До 1904 года Боткин служил в Мариинской больнице для бедных, преподавал в Военно-медицинской академии. С 1897 года он стал врачом в Свято-Троицкой общине сестер милосердия, а с 1899 года - главным врачом Санкт-Петербургской общины сестер милосердия в честь святого Георгия. Главными пациентами последней были бедняки, но врачи и прочий персонал подбирались в ней с особенной тщательностью. Дамы высшего сословия трудились там простыми сестрами на общих основаниях. Для Георгиевской общины характерно было общее воодушевление и жажда помогать страждущим, за что ее подчас сравнивали с первохристианской общиной.

С началом Русско-японской войны он, оставив жену и четверых детей, добровольцем отправился на фронт и был назначен заведующим медицинской частью Российского общества Красного Креста (РОКК) в Маньчжурской армии. «За отличия, оказанные в делах против японцев» был награжден офицерскими боевыми орденами — орденами Святого Владимира III и II степени с мечами, Св. Анны II степени, Св. Станислава III степени, сербским орденом Св. Саввы II степени и болгарским — «За гражданские заслуги». «За себя я не боялся: никогда еще я не ощущал в такой мере силу своей веры. Я был совершенно убежден, что как ни велик риск, которому я подвергался, я не буду убит, если Бог того не пожелает, а если пожелает – на то Его святая воля… Я сознавал, что я нужен, и это сознание делало мое положение приятным», - вспоминал Евгений Сергеевич. На фронте доктору неоднократно приходилось рисковать своей жизнью. Вот, как описывал он один из боев:

«Снаряды свистели уже надо мной и со злобой ударяли в близ лежащую гору, разрываясь совсем близко от всей удалявшейся по лощинке группы людей. Впоследствии я узнал, что тут моя лошадь получила удар над глазом камнем, отбитым шрапнелью.

Я собирался тоже спускаться, когда ко мне подошел солдатик и сказал, что он ранен. Я перевязал его и хотел приказать вести его на носилках (он был ранен в ногу шрапнельной пулей), но он решительно отказался, заявляя, что носилки могут понадобиться более тяжело раненым. Однако, он смущался, как он оставит батарею: он - единственный фельдшер ее, и без него некому будет перевязывать раненых. Это был перст Божий, который и решил мой день.

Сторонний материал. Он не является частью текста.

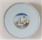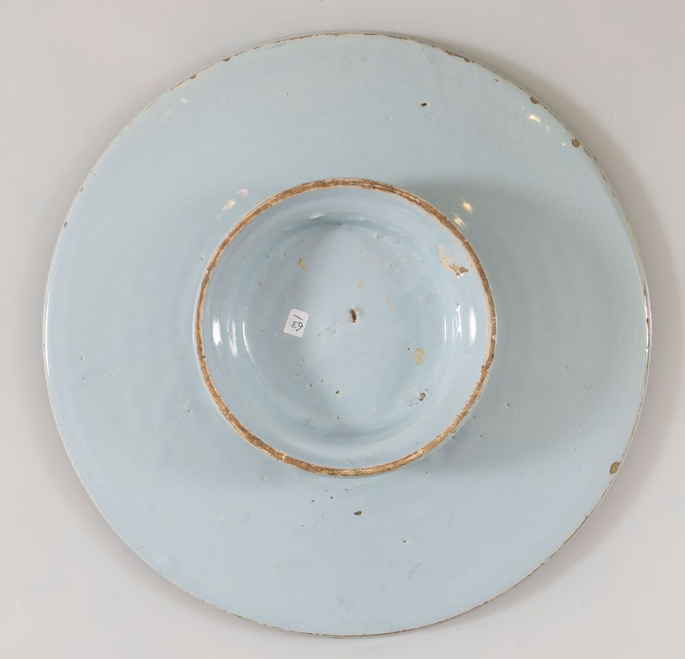 Alzata in ceramica con decoro policromo con paesaggio nell'umbone. Pavia, fine del XVII secolo. Diametro cm 24. Altezza cm 4,5. (presenta sbeccature diffuse lungo il bordo)

- Иди спокойно, - сказал я ему, - я останусь за тебя.

Я взял его санитарную сумку и пошел дальше на гору, где, на склоне ее, и сел около носилок. Санитаров не было - они находились в лощинке под горой. Наша батарея уже давно стреляла, и от каждого выстрела земля, на которой я сидел, покрытая мирными белыми цветочками вроде Эдельвейсса, сотрясалась, а та, на которую падали японские снаряды, буквально, стонала. В первый раз, когда я услыхал ее стон, я подумал, что стонет человек; я прислушался, и во втором стоне я уже заподозрил стон земли, на третьем - я в нем убедился.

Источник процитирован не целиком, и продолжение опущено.